You execute the tool in your code and feed the result back as a tool result message. The model continues the conversation with that new information.

sequenceDiagram
    participant U as User
    participant A as Your app
    participant M as Model
    participant T as Tool (DB / API)
    U->>A: What is the P99 for /checkout?
    A->>M: prompt + tool schemas
    M-->>A: tool_call(query_prometheus, {q: "..."})
    A->>T: HTTP call
    T-->>A: 342 ms
    A->>M: tool_result: 342 ms
    M-->>A: P99 is 342 ms, up 18% WoW.
    A-->>U: P99 is 342 ms, up 18% WoW.

10.2 The schema

A tool definition looks like this (shared shape across Claude, OpenAI, Gemini, and others):

{
  "name": "get_order",
  "description": "Fetch an order by ID. Returns order state, line items, and customer.",
  "input_schema": {
    "type": "object",
    "properties": {
      "order_id": {
        "type": "string",
        "description": "UUID or human-readable ID (ORD-12345)"
      },
      "include_items": {
        "type": "boolean",
        "default": true
      }
    },
    "required": ["order_id"]
  }
}

Two things to notice:

  1. The description field is not metadata — it's the prompt. The model chooses which tool to call based on the name and descriptions. Invest as much craft in writing these as you would in writing a function docstring read by a junior engineer.
  2. The schema is enforced (with modern providers, via constrained decoding). You do not need to defensively parse malformed JSON.

10.3 Parallel tool use

Modern models (Claude 3.5+, GPT-4 Turbo+, Gemini 2+) can request multiple tool calls in a single turn. Design your runtime to execute them in parallel.

flowchart LR
    M[Model] --> T1[Tool A: get_user]
    M --> T2[Tool B: get_account]
    M --> T3[Tool C: get_history]
    T1 -.parallel.-> R[Combine results]
    T2 -.parallel.-> R
    T3 -.parallel.-> R
    R --> M

Real example: an "account summary" agent might, in one turn, call get_user, get_balance, get_recent_transactions, and get_notifications in parallel. Sequential execution turns a 2-second operation into an 8-second one.

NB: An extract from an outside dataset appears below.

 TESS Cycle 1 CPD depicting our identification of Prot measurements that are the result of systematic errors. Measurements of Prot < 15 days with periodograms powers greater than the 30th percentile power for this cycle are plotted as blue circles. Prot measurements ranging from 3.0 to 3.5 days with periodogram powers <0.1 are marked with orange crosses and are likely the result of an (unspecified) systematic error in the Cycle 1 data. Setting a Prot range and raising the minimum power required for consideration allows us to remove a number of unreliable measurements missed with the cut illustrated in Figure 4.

10.4 Tool design principles

Agents live or die by tool design. A few hard-won rules:

  1. One tool, one job. run_sql that does everything is a footgun. get_customer_by_email, list_orders_by_customer, cancel_order — three safe, typed tools.
  2. Descriptions as prompts. Write them like you're onboarding a new hire. Mention edge cases, return format, failure modes.
  3. Idempotency and safety classes. Mark tools as read-only, write, or destructive. Gate the destructive ones behind confirmations.
  4. Typed outputs. Return JSON, not free text. Future you will thank present you.
  5. Rich structured errors. { "ok": false, "error": "order_not_found", "suggestion": "try search_orders_by_email" } — the model will follow the suggestion.
  6. Bounded outputs. If a tool can return 10k rows, paginate or summarize. Don't flood the context.
  7. Stable interfaces. Once an agent is trained (or a prompt is tuned), renaming a tool mid-flight breaks everything silently.

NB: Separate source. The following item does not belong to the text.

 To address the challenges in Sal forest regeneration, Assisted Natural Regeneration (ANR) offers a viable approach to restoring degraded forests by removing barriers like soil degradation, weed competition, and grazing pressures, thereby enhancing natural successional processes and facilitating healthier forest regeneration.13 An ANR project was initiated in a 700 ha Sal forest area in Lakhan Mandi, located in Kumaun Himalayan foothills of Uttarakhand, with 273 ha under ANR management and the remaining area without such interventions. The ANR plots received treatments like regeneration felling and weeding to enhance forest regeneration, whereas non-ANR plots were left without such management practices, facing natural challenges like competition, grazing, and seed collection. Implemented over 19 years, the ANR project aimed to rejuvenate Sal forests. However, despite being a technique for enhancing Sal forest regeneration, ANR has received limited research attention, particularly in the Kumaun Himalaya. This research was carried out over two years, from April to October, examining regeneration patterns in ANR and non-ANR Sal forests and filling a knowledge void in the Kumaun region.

10.5 An end-to-end example (Python, Anthropic)

from anthropic import Anthropic
import orders_api, customers_api

client = Anthropic()

TOOLS = [
    {
        "name": "get_customer",
        "description": "Look up a customer by email address.",
        "input_schema": {
            "type": "object",
            "properties": {"email": {"type": "string", "format": "email"}},
            "required": ["email"],
        },
    },
    {
        "name": "list_orders",
        "description": "List the N most recent orders for a customer ID.",
        "input_schema": {
            "type": "object",
            "properties": {
                "customer_id": {"type": "string"},
                "limit": {"type": "integer", "default": 5, "maximum": 50},
            },
            "required": ["customer_id"],
        },
    },
]

TOOL_FNS = {
    "get_customer": lambda args: customers_api.by_email(args["email"]),
    "list_orders": lambda args: orders_api.list_for(args["customer_id"], args.get("limit", 5)),
}

def ask(question, max_turns=8):
    msgs = [{"role": "user", "content": question}]
    for _ in range(max_turns):
        r = client.messages.create(
            model="claude-opus-4-7",
            max_tokens=1024,
            tools=TOOLS,
            messages=msgs,
        )
        msgs.append({"role": "assistant", "content": r.content})

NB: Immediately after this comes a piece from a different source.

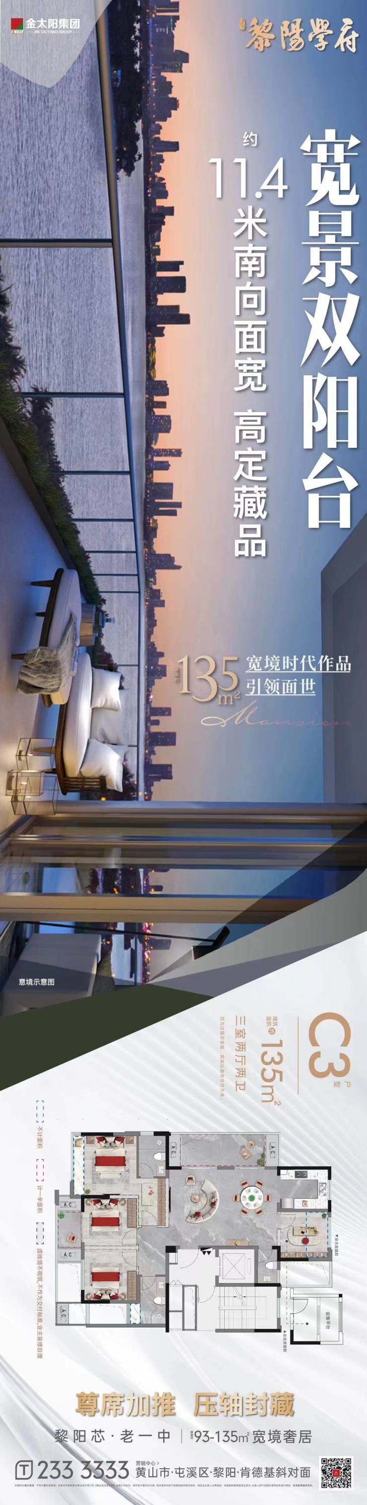 黎阳学府压轴封藏建面约135㎡户型,三室两厅两卫,宽境时代作品,引领面世,约11.4米南向面宽、宽景双阳台,高定藏品。黎阳学府,黎阳芯·老一中,建面约93-135㎡宽境奢居热销中,压轴封藏,尊席加推,谁能入主…

        tool_uses = [b for b in r.content if b.type == "tool_use"]
        if not tool_uses:
            return next(b.text for b in r.content if b.type == "text")

        results = []
        for tu in tool_uses:
            try:
                result = TOOL_FNS[tu.name](tu.input)
                results.append({
                    "type": "tool_result",
                    "tool_use_id": tu.id,
                    "content": str(result),
                })
            except Exception as e:
                results.append({
                    "type": "tool_result",
                    "tool_use_id": tu.id,
                    "content": f"error: {e}",
                    "is_error": True,
                })
        msgs.append({"role": "user", "content": results})
    raise RuntimeError("turn budget exceeded")

print(ask("How many orders has ava@example.com placed this year?"))

Run that and you have a working, production-shaped tool-using agent in ~50 lines.

10.6 Tool use in Java

Spring AI makes this nearly identical:

@Tool(description = "Fetch an order by ID")
public Order getOrder(String orderId) {
    return orderService.findById(orderId);
}

// In your ChatClient:
String answer = chatClient.prompt()
    .user(question)
    .tools(new OrderTools())
    .call()
    .content();

Spring AI handles the JSON schema generation (from annotations + types), the dispatch, and the round-trip. LangChain4j offers the same ergonomics.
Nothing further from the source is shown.